====== SUPPLIED DATA

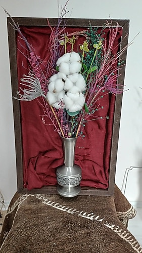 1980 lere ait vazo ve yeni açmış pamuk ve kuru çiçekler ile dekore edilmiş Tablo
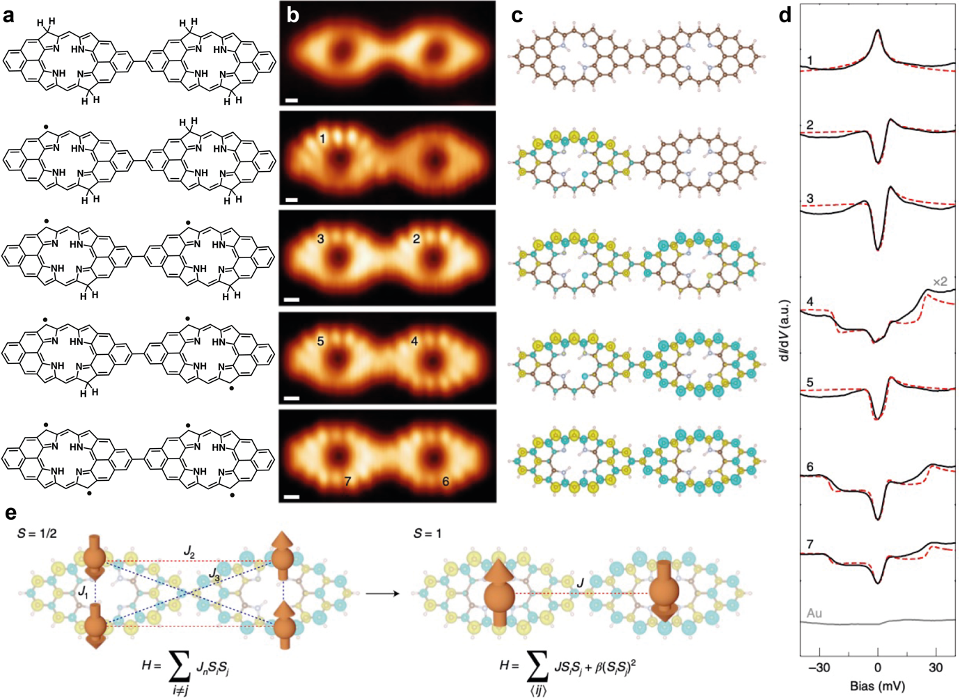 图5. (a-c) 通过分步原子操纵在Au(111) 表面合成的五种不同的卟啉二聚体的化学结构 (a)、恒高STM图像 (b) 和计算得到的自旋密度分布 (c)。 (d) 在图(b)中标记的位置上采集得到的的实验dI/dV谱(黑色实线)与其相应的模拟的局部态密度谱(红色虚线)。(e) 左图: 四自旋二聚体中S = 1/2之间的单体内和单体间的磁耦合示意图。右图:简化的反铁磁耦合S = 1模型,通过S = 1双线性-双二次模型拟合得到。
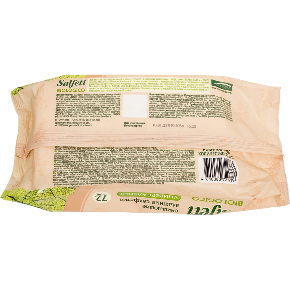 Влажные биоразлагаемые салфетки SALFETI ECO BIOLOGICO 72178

============

YOUR OBJECTIVE: Repeat the data exactly in full, omitting its pictures.

OUTPUT OF THE TASK:
 1980 lere ait vazo ve yeni açmış pamuk ve kuru çiçekler ile dekore edilmiş Tablo
 图5. (a-c) 通过分步原子操纵在Au(111) 表面合成的五种不同的卟啉二聚体的化学结构 (a)、恒高STM图像 (b) 和计算得到的自旋密度分布 (c)。 (d) 在图(b)中标记的位置上采集得到的的实验dI/dV谱(黑色实线)与其相应的模拟的局部态密度谱(红色虚线)。(e) 左图: 四自旋二聚体中S = 1/2之间的单体内和单体间的磁耦合示意图。右图:简化的反铁磁耦合S = 1模型,通过S = 1双线性-双二次模型拟合得到。
 Влажные биоразлагаемые салфетки SALFETI ECO BIOLOGICO 72178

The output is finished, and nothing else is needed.